By Stephen C. Ross, Esq.

February 17, 2013 (San Diego County) – I often talk with people who believe estate planning is only for the wealthy. However, even people with few assets may benefit from proper estate planning.

You may be subject to formal probate proceedings if the gross real and personal property value of your estate exceeds $150,000 and you do not have a revocable trust. A properly prepared power of attorney for health care may avoid the need for a costly conservatorship proceeding if you subsequently lack capacity to make your own decisions.
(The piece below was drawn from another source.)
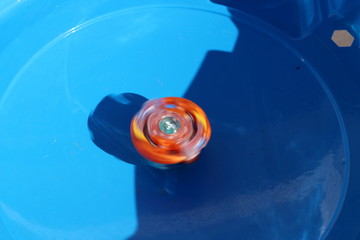 Beyblade battle of spinning toys in a fight of a Japanese origin game
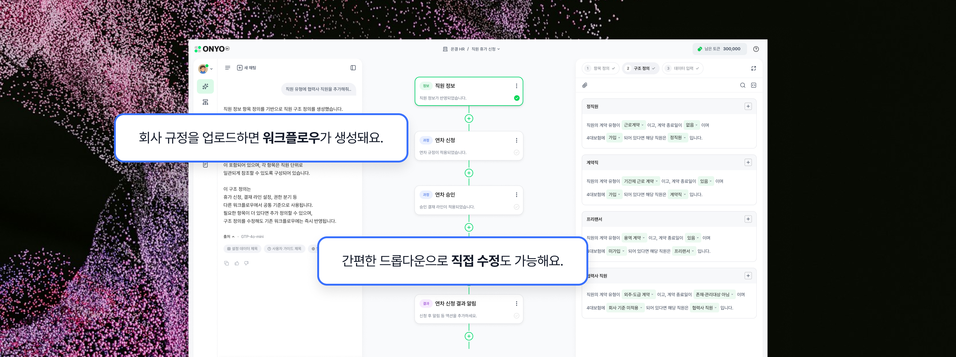 규정을 넣으면 ONYOAI가 승인 로직과 흐름을 자동으로 만듭니다.

A power of attorney may avoid a conservatorship proceeding and ensure that a person you trust is ready to handle your financial affairs if you become incapacitated.

A well-designed estate plan can give you peace of mind knowing someone you trust is there to make health care and financial decisions for you if you become incompetent, then manage your estate and distribute your assets to the people and entities of your choice after your death. A basic estate plan should meet the needs of most people and typically includes the following:

1. Revocable Trust. A trust can be a useful property management tool during your lifetime and ensure your estate will not be subject to the time and expense of probate on your death. The trust terms determine how you want your assets managed during your lifetime, who will act as trustee, the trustee’s powers and to whom, how and when your assets will be distributed on your death. A revocable trust may be revoked or amended during your lifetime while you are competent. The trust must be funded with your assets to avoid probate.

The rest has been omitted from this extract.